Save the returned automation id back into `config.json`.

## 3. Run the converter

Execute (use the values from `config.json`):

```powershell
python "C:\Users\<you>\.copilot\m-skills\doc-watcher\convert.py" `
  --folder "<folder>" `
  --pattern "<pattern>" `
  --state  "C:\Users\<you>\.copilot\m-skills\doc-watcher\state.json"
```

Add `--out "<out_dir>"` only if `out_dir` is non-empty. Add `--all` only if the user explicitly asks to reconvert everything.

The script:
- Hydrates OneDrive cloud-only files by copying to a temp location.
- Uses Word COM (via `pywin32`) to open `.doc`, `.docx`, `.docm`, `.rtf`, `.odt` and save them as Unicode text. Plain text files (`.txt`, `.md`) pass through.
- Skips files already listed in `state.json` so each run only converts new arrivals.
- Prints a JSON summary to stdout: `processed`, `skipped`, `errors`.

## 4. Notify

After the converter finishes, parse its JSON output.

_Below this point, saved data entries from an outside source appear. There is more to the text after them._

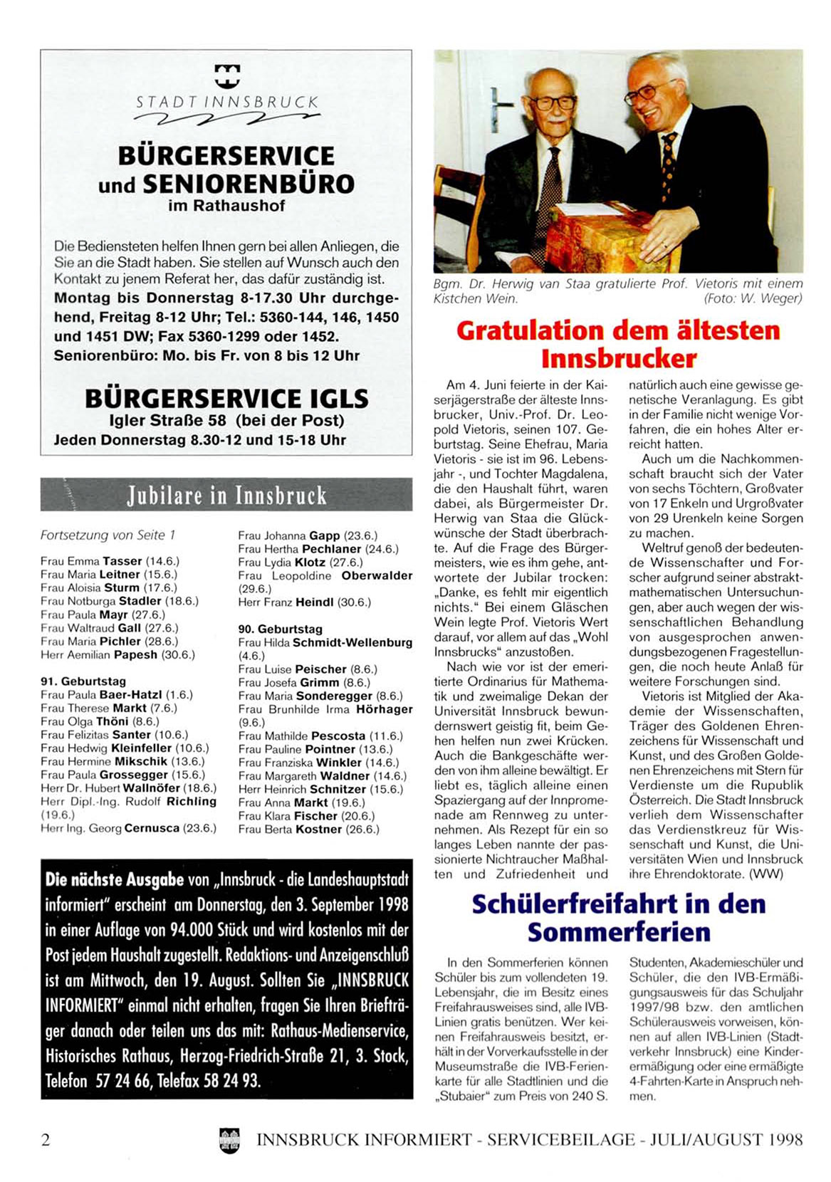 Am 4. Juni feierte in der Kaiserjägerstraße der älteste Innsbrucker, Univ.-Prof. Dr. Leopold Vietoris, seinen 107. Geburtstag. Seine Ehefrau, Maria
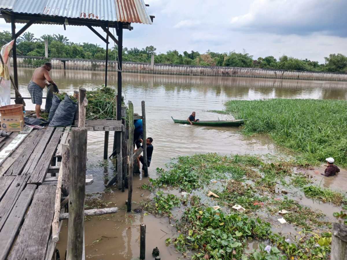 Komunitas Masyarakat Peduli Sungai saat membersihkan Sungai Siak dari eceng gondok dan sampah, Sabtu (26/7/2025).
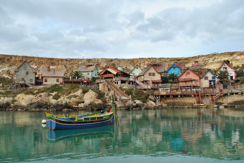 An arrogant and bored ticket sale woman sold us the tickets and crossed out the ship on the map, saying it doesn't run this day. OK so we won't get a boat ride, we thought and got in. We didn't even get all the way down the hill with many fairy tale like houses, when a boy from the boat asked us if we'd like a ride. So we spend half an hour in the boat on the emerald clear sea, rocks, strange shapes and got to learn about Popeye, Gozo and life on Malta from our boatman. Wind in our hair, endless sea around us and the carelessness of a vacation – cream of the crop! Later on we visited each house of Popeye's village and became childish – as I've said: child for the rest of my life. We took photos with Popeye and his Olive Oil and from the lookout tower saw the fairy tale world underneath and enjoyed Rum Punch by the sunset. You don't do that every day.
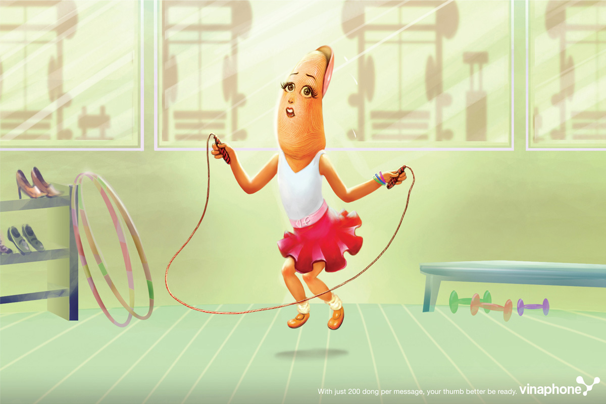 越南移动通信公司Vinaphone的宣传广告-母指们需要多运动,这样才好玩短信,大慨是这个意思吧。, 2

**If `processed` is non-empty OR `errors` is non-empty**, ALWAYS send a Teams notification via `m_send_teams_message`. Format:

```
doc-watcher converted N new file(s) in <folder>:
- <filename1>
- <filename2>
(errors, if any, with filename + error)
Sent on your behalf by Clawpilot 🤖
```

Use just the basename of each file, not the full path. Do this whether the run was manual (user invoked `/doc-watcher`) or from the scheduled automation.

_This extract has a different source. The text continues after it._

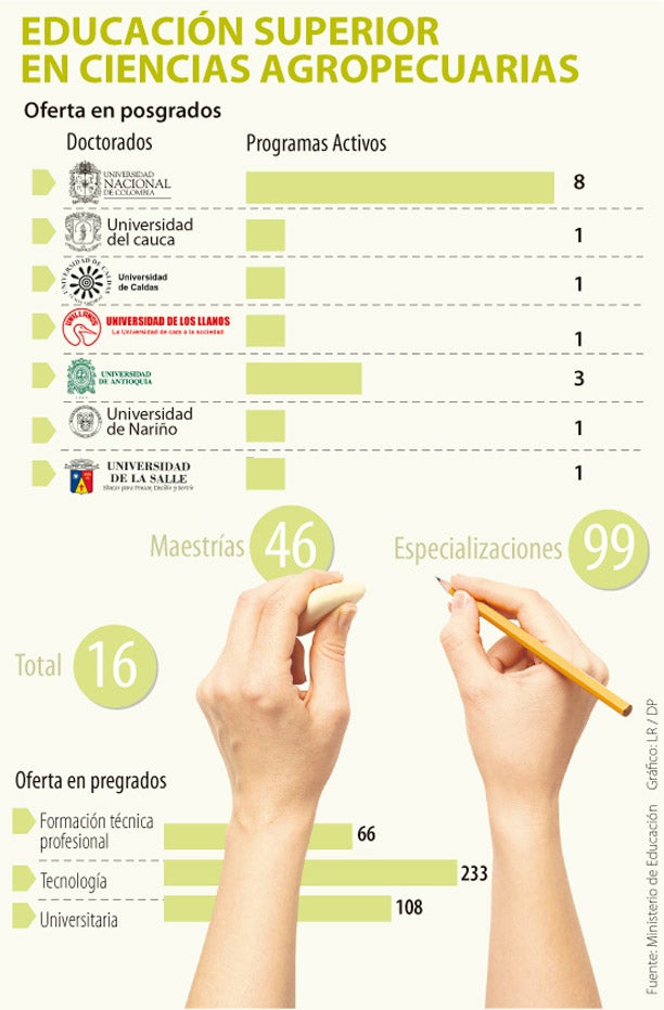 Las estadísticas del Ministerio de Educación señalan que en total las universidades del país ofrecen 161 programas en posgrados en áreas de ciencias agropecuarias, medicina veterinaria, zootecnia y agroecología, entre otros. De este total 16 son doctorados, 46 maestrías y 99 especializaciones. En pregrados la oferta supera los 400 programas. En formación técnica profesional hay 66 activos, tecnologías 233 y en profesional 108.

If both `processed` and `errors` are empty:
- Manual run: tell the user in chat that nothing new was found.
- Automation run: stay completely silent (no Teams message, no chat output).

Also summarize results in the chat when the user invoked the skill manually.

## 5. Automation prompt

When creating or updating the automation, use this prompt:

```
Run the doc-watcher converter silently. Read C:\Users\<you>\.copilot\m-skills\doc-watcher\config.json and execute:
python "C:\Users\<you>\.copilot\m-skills\doc-watcher\convert.py" --folder "<folder>" --pattern "<pattern>" --out "<out_dir>" --state "C:\Users\<you>\.copilot\m-skills\doc-watcher\state.json"
(omit --out if out_dir is empty). Parse the JSON output. If the "processed" list is non-empty OR "errors" is non-empty, call m_send_teams_message with:

"doc-watcher converted N new file(s) in <folder>:
- <basename>
- <basename>
(errors, if any, with filename + error)
Sent on your behalf by Clawpilot 🤖"

If both processed and errors are empty, do nothing and stay silent. Never prompt the user.
```

## 6. Reconfigure

If the user asks to change folder, pattern, frequency, or output:
- Update `config.json` accordingly.
- If `interval_minutes` changed, call `m_update_automation(id=automation_id, schedule="every <new> minutes")`.
- If the user asks to stop watching, call `m_update_automation(id=automation_id, enabled=false)`.

## Dependencies

Python 3.12+ with `pywin32`. Microsoft Word must be installed (used in headless `Visible=False` mode).